A discussão sobre a possível extinção do auxílio-moradia de magistrados não é simples e, em princípio, a medida não vai reduzir o impacto financeiro nos cofres da União, segundo especialistas ouvidos pelo Correio. Isso porque, nos bastidores, uma corrente aponta para a substituição da benesse pelo Adicional por Tempo de Serviço (ATS), três vezes mais caro para o Tesouro, como forma de reestruturação da magistratura e do Ministério Público.

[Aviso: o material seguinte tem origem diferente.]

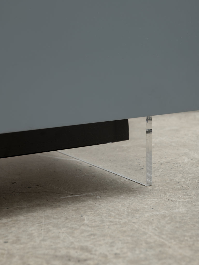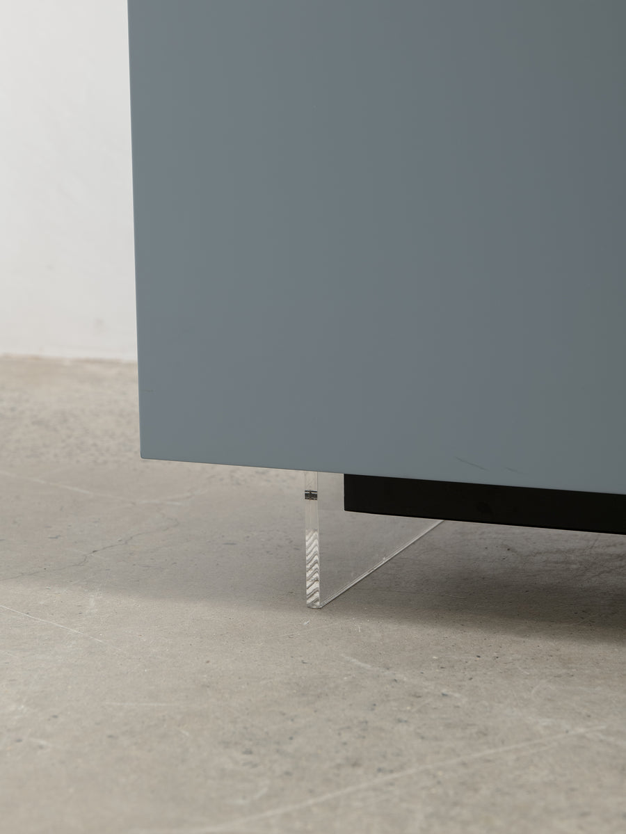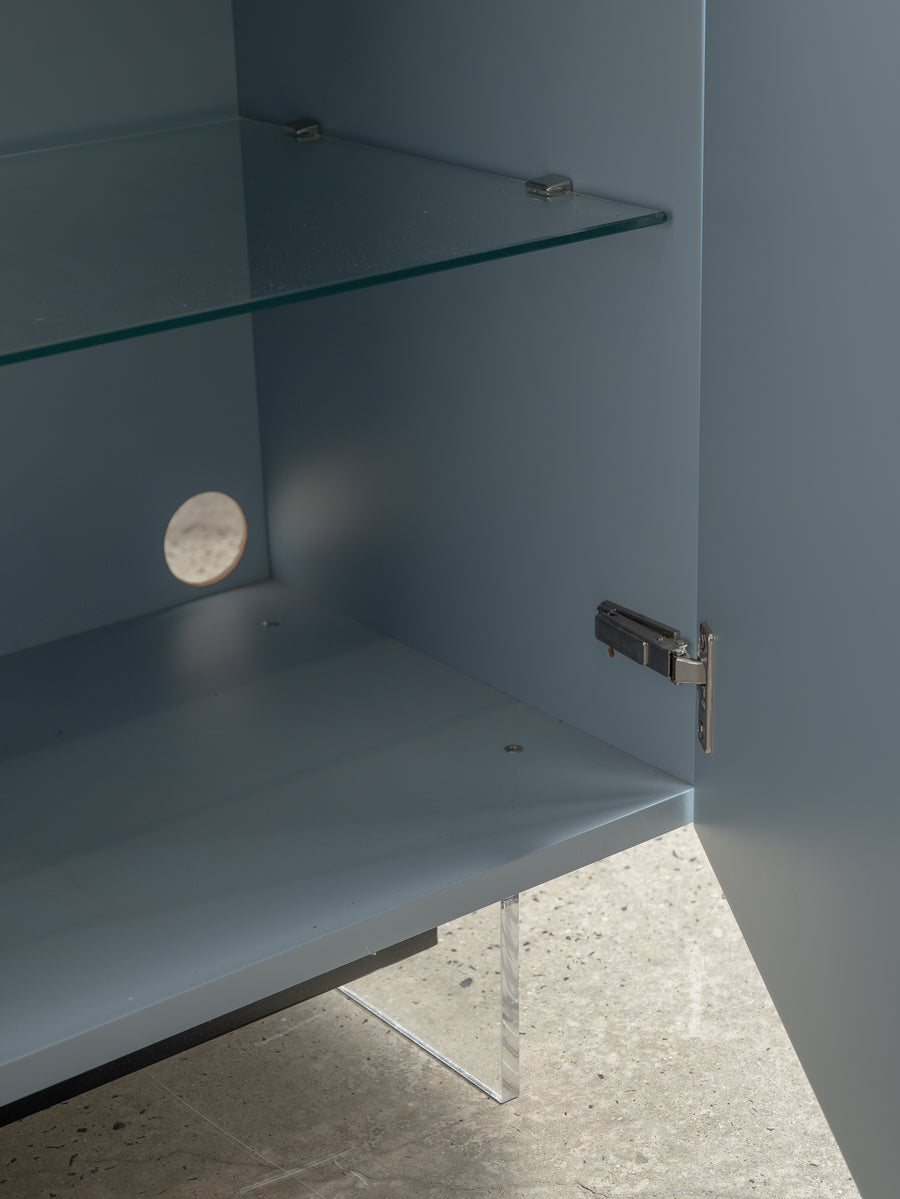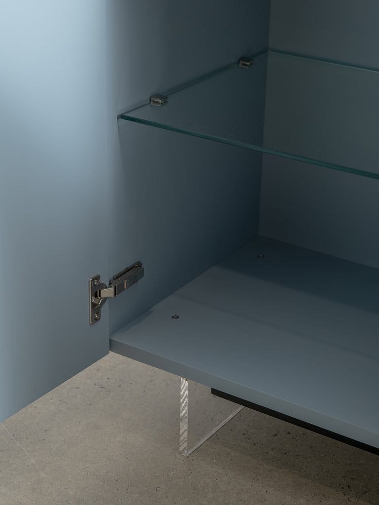 With three spacious doors opening to reveal glass shelves, it offers both functionality and style, allowing light to pass through and elevate the beauty of your curated collection. The transparent plexi feet add a delicate touch, creating the illusion of weightlessness while grounding the piece in subtle luxury.

De acordo com a Consultoria de Orçamento e Fiscalização Financeira da Câmara dos Deputados, até agosto, a despesa anual com a moradia estava em R$ 1 bilhão. Por outro lado, em 2013, a Consultoria do Senado avaliou que o ATS ficaria, no mínimo, em R$ 3,17 bilhões por ano (R$ 1,84 bilhão para remunerar os ativos, e R$ 1,33 bilhão, os aposentados e pensionistas). O Senado levou em conta a idade média de ingresso na Magistratura (33,4 anos) e a no corpo funcional (49 anos) e calculou que o ATS significaria um incremento de 20% nos vencimentos de cada beneficiado. O ATS acrescenta 5% nos salários a cada cinco anos, como eram os quinquênios extintos na década de 1990.
José Robalinho, presidente da Associação Nacional dos Procuradores da República (ANPR), nega que haja relação entre o auxílio-moradia e o ATS. “Se o STF decidir pela extinção, obedeceremos, até porque o auxílio-moradia não é entendido pela população, mesmo sendo legal e pago há mais de quatro décadas. Agora, o ATS vai fazer justiça. Magistrados e procuradores que entram hoje recebem o mesmo que um profissional com experiência de 30 anos”, argumentou. Ele admitiu, no entanto, que o custo do ATS é “30% superior ao do auxílio-moradia”, apenas na sua carreira federal, que é recente. “Nos estados, sem dúvida alguma, o impacto vai ser muito maior”, disse o presidente da ANPR.
Volta do adicional
Uma Proposta de Emenda à Constituição (PEC 163/2013) tramita no Congresso para ressuscitar o ATS. Não pode ser discutida por causa da intervenção de segurança no Rio. Mas, segundo fontes, “até a intervenção veio a calhar”. “A estratégia é deixar o povo esquecer o auxílio-moradia para, depois, rediscutir o ATS, apontando a grande injustiça com juízes, procuradores e defensores”, afirmou uma delas.
Para Roberto Piscitelli, especialista em finanças públicas e consultor do Senado, “essa é uma estratégia perigosa que pode provocar revolta na população”. O economista Gil Castello Branco, secretário-geral da Associação Contas Abertas, declarou que não concorda sequer com o reajuste de 16,38% a magistrados e procuradores. “Na situação em que o país está, com previsão de deficit de R$ 139 bilhões no ano que vem e 13 milhões de desempregados, qualquer reajuste, penduricalho ou reestruturação de salário que implique aumento de gastos é irresponsável e injusta, porque nem todas as categorias conseguiram o mesmo tratamento”, afirmou Castello Branco. Leonardo Rolim, especialista em contas públicas da Câmara, disse que o debate do auxílio-moradia deve ir além. “O STF deve discutir também a legalidade do benefício nos estados. Só assim vai ser possível equilibrar as contas estaduais, onde juízes chegam a receber R$ 70 mil de penduricalhos”, ressaltou.